For the epistemological issue, the problem is more profound. Scientists have to accept that producing data is not the only valuable thing in science, and that making sense of the data is also valuable. I will address this specific point in the next post of this short series.

Update (20.08.2014). I just realized Neuron actually makes it mandatory that some types of datasets are submitted along with the paper (but not all types).

The challenge of retrograde amnesia to theories of memory

I am reading Oliver Sacks' “The man who mistook his wife for a hat”. On chapter 2, he describes a case of retrograde amnesia. Around 1970, the patient went into an episode of alcoholism, which resulted in the loss of 25 years of his most recent memories (declarative memory). As a result, the patient thought he was 19 and lived in 1945, as if time had stopped. So not only could he not transfer short-term memory to long-term memory, but a large part of his previously stored memory got erased. In addition, it is not a random fraction of his memories that were erased: it was exactly the most recent ones.

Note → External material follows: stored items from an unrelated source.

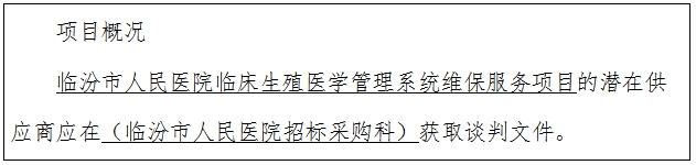 项目名称:临汾市人民医院临床生殖医学管理系统维保服务项目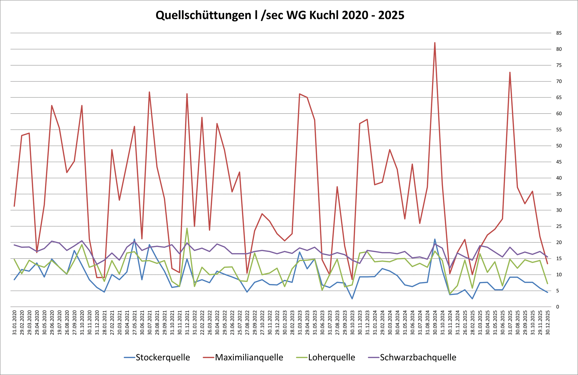 Die Maximilian- und Stockerquelle liegen an der westlichen Seite des Salzachtales, oberhalb der Landwirtschaft „Stockach“ am Hangfuß des „Wenger Waldes“, welcher sich zum Roßfeld erstreckt. Die beiden Quellen wurden in Quellstollen gefasst, welche mit Beton ausgekleidet sind und von dessen Querschlag das Wasser aus den Schichtflächen der hier anstehenden Oberalmer Schichten in Halbschalen abgeleitet wird. Das Wasser dieser Quellen entspringt als Schichtquelle dem geklüfteten und teilverkarsteten Oberalmer Kalk, dessen flach aus dem Hang fallenden Schichtflächen gut wasserduchlässig sind und die gute Quellschüttung bedingen.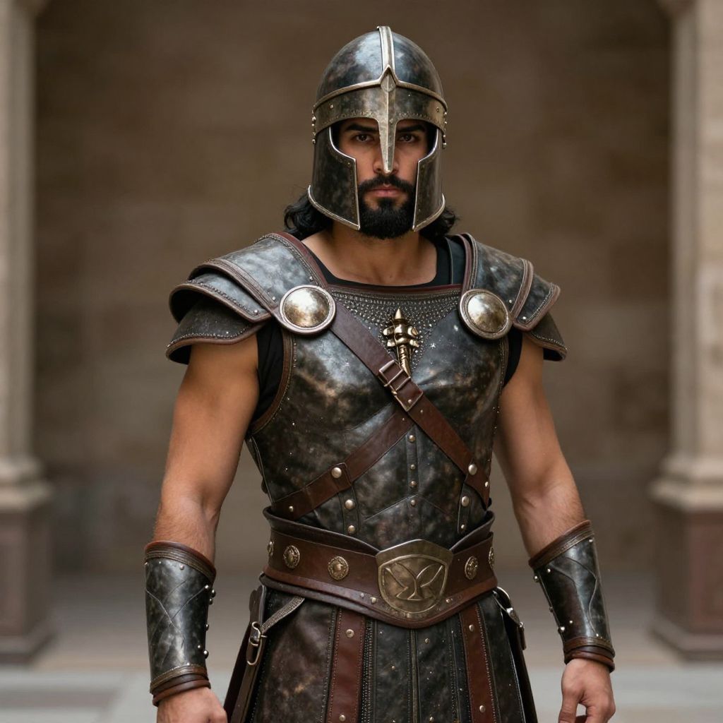 Photograph of a muscular, bearded man with a stern expression, dressed in ancient Roman-style armor. He wears a metallic helmet with a central ridge, dark, leather-embroidered armor with metallic shoulder plates and a brown leather belt with a circular, embossed buckle. A leather strap crosses his chest, and he has matching leather bracers on his forearms. The background is blurred, featuring stone columns, suggesting a historical or classical setting. The armor is dark and weathered, with a shiny, reflective texture. The overall composition is centered, with the man standing facing the camera.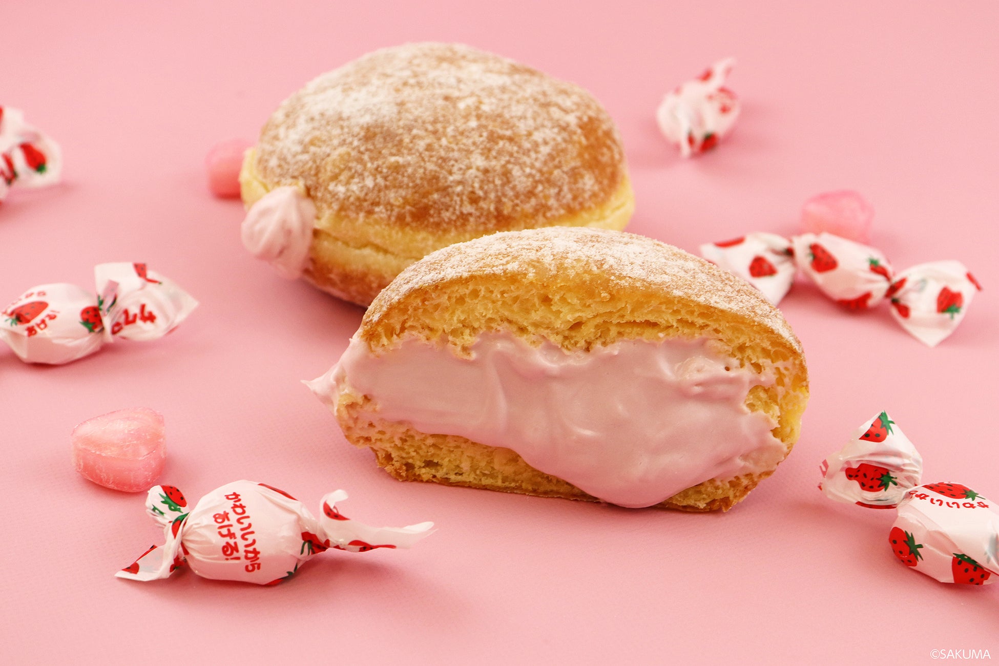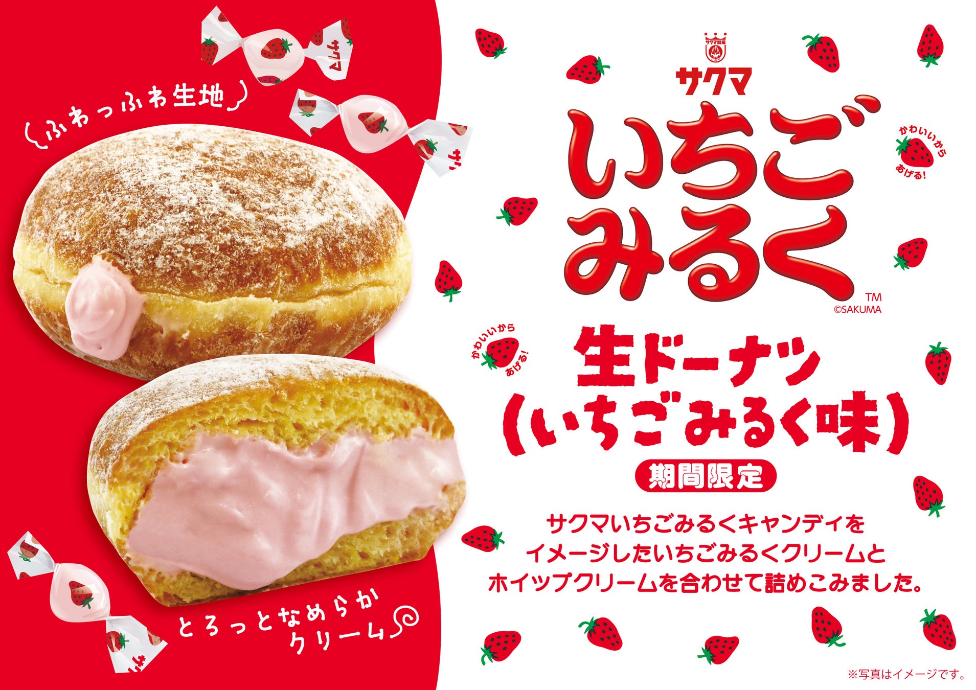 サクマ製菓の人気キャンディ「いちごみるく」とコラボレーションした生ドーナツが新登場!

He seemed to perfectly remember old memories, and have absolutely no memory of the more recent events.

This is quite a challenge for current neural theories of memory. The main theoretical concept about memory is the notion of neural assembly supporting associative memory. Imagine a memory is made of a number of elements that are associated together, then the substrate of this memory is a connected network of neurons that “code” for those elements, in some structure in the brain, with connections to relevant parts of the brain (say, the visual cortex for visual features, etc). This conceptual framework can be extended with sequential activation of neurons. Now in this framework, how do you erase the most recent memories? Note that by “most recent”, I am talking of 25 years, not of short-term memory.

One trivial possibility would be that each memory has a timestamp, encoded as part of the neural assembly supporting that memory. Then some mechanism erases all memories that have a timestamp more recent than a particular date. Why and how this would happen is mysterious. In addition, “reading the timestamp” would entail activating those memories (all of them), which would then need to exist at that time, and then erasing them. It simply sounds absurd. A more plausible explanation is that, for some reason, recent memories are more fragile than old ones. But why is that?

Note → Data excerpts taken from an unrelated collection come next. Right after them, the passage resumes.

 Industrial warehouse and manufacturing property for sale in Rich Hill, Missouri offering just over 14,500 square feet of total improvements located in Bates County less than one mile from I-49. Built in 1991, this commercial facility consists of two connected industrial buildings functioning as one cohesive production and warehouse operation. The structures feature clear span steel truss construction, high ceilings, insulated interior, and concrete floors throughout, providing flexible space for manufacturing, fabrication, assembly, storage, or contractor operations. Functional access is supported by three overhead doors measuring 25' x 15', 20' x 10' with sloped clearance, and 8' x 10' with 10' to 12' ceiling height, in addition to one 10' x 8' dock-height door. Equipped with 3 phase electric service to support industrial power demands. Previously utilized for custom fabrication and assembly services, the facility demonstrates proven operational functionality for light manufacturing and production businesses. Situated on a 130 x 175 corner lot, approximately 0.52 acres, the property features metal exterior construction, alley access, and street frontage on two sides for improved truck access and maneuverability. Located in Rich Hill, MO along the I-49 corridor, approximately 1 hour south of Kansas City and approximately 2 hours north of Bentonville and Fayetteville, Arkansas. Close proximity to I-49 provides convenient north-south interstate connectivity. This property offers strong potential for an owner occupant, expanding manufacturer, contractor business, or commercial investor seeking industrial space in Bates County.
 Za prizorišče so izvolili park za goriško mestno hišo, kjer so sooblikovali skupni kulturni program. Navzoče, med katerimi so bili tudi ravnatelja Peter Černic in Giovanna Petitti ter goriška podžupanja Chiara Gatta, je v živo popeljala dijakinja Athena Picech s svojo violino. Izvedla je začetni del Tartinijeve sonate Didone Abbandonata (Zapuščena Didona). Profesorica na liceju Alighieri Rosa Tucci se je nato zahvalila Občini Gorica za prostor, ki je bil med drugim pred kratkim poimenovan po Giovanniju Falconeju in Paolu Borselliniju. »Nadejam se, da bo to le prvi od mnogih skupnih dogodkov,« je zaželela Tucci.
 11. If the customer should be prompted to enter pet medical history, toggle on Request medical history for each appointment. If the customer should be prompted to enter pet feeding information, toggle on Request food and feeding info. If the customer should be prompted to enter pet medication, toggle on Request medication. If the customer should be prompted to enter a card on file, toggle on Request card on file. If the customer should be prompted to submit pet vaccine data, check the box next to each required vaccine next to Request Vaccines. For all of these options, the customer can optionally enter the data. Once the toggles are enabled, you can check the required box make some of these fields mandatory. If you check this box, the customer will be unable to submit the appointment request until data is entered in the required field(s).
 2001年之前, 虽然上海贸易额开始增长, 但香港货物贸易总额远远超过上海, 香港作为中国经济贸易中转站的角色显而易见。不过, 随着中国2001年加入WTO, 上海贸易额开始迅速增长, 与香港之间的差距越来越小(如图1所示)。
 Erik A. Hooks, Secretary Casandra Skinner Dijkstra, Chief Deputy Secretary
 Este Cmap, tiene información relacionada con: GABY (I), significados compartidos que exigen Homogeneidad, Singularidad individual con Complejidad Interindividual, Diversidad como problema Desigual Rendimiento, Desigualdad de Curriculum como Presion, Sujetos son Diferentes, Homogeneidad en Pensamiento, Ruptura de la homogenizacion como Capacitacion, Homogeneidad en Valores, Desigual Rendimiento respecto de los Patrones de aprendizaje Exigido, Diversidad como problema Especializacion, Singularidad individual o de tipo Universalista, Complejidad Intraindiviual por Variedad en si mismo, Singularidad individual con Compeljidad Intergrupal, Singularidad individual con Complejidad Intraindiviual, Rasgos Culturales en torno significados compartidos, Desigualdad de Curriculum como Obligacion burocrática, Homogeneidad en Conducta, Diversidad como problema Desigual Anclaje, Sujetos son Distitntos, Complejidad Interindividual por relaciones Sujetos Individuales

This is a very interesting point, because in current neural theories of memory, it is the old memories that are more fragile than the recent ones. The reason is that memories are imprinted by modifications of synaptic connections according to a Hebbian mechanism (neurons that are co-activated strengthen their connections), and then these connections get degraded over time because of the activation of the same neurons in other contexts, by ongoing activity. So in current theories of memory, memory traces decay over time. But what retrograde amnesia implies is exactly the opposite: memory traces should strengthen over time. How is it possible that memories strengthen over time?

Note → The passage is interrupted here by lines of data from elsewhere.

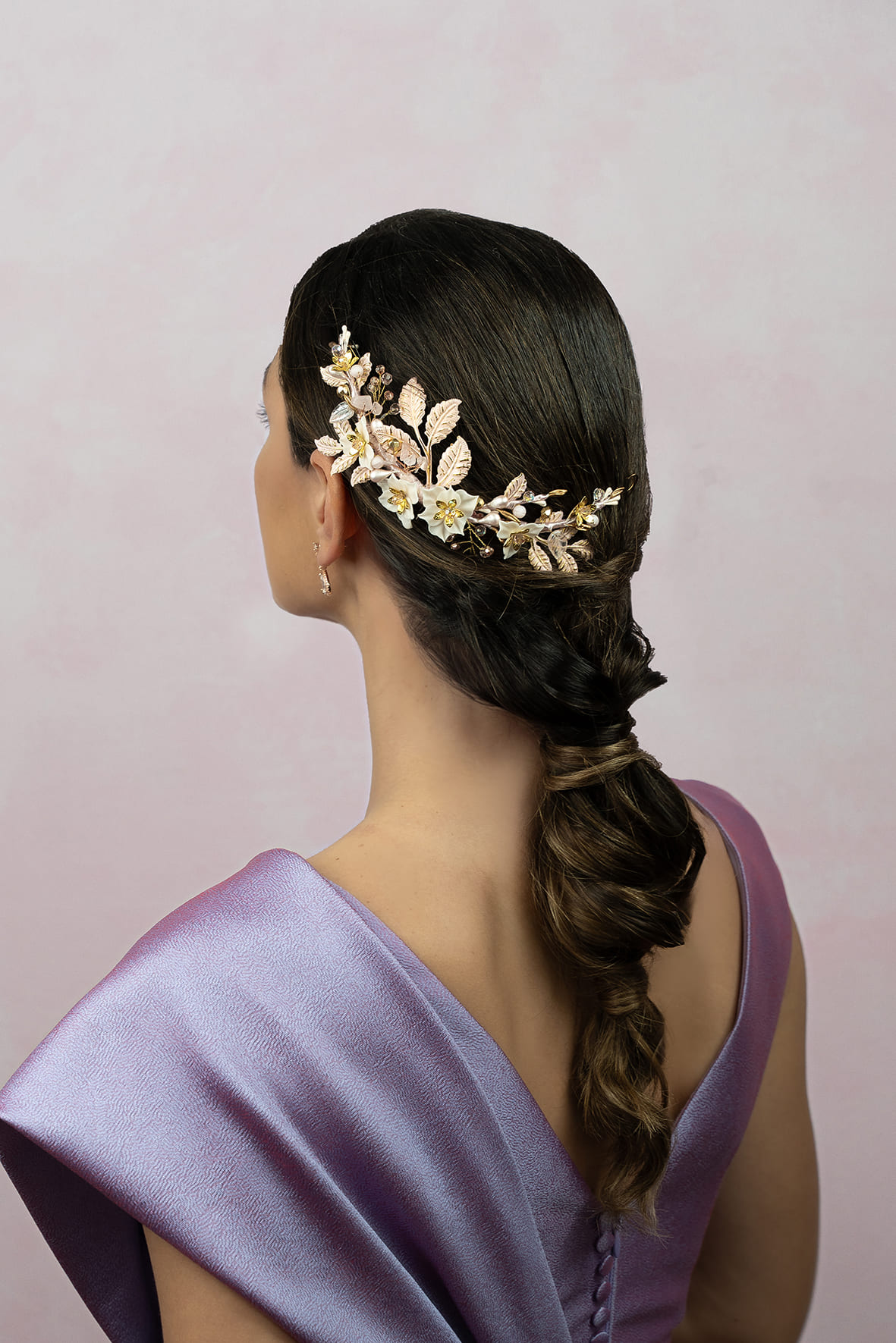 Tocado joya con flores de porcelana y hojas metálicas teñidas en tonos rosa nude.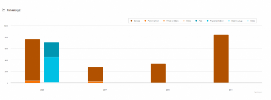Prema finansijskim izveštajima koje je ova NVO podnela samo za 2014, 2016, 2017. i 2020. godinu, prihodi ostvareni na tržištu iznose tek 5.999.000,00 dinara dok su donacije, koje su gotovo isključivo dolazile od stranih vlada, fondacija i udruženja iznosili gotovo 216 miliona dinara!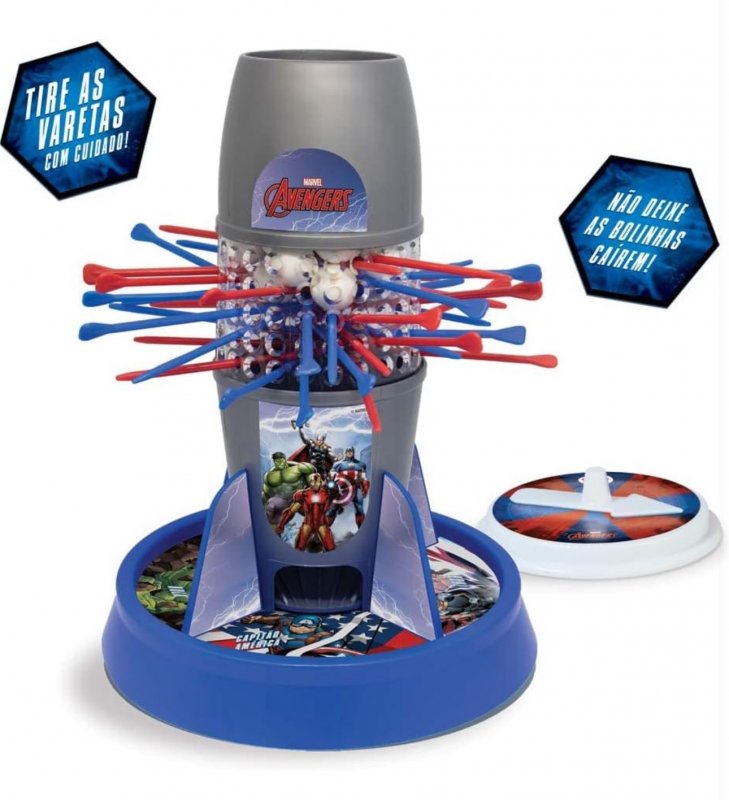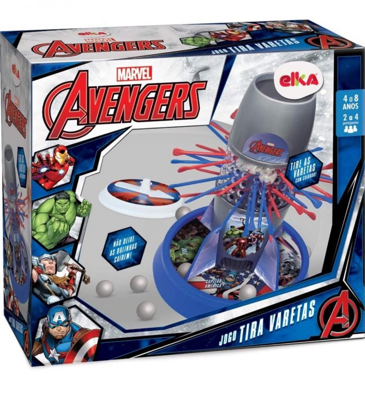Ajude os vingadores nesta disputa emocionante. O jogo Tira Varetas é pura diversão! Coloque as bolinhas dentro da torre, gire a roleta e vá puxando as varetas; mas, cuidado, pois só quem deixar cair menos bolinhas será o vencedor. Especificações do produto: Marca: Elka Dimensões aproximadas: 20 x 20 x 28 cm; 415 g Idade recomendada: +4

One possibility is that memories are replayed. If you recall a memory, the neurons supporting that memory activate and so the corresponding connections strengthen. But conscious recollection will probably not do the trick, because then there would not be a strict temporal cut-off: i.e., some recent memories might be recalled more often than some older ones. So what seems to be necessary is a continuous subconscious replay of memories, independent of emotional or attentional states. Clearly, this is quite a departure from current neural theories of memory.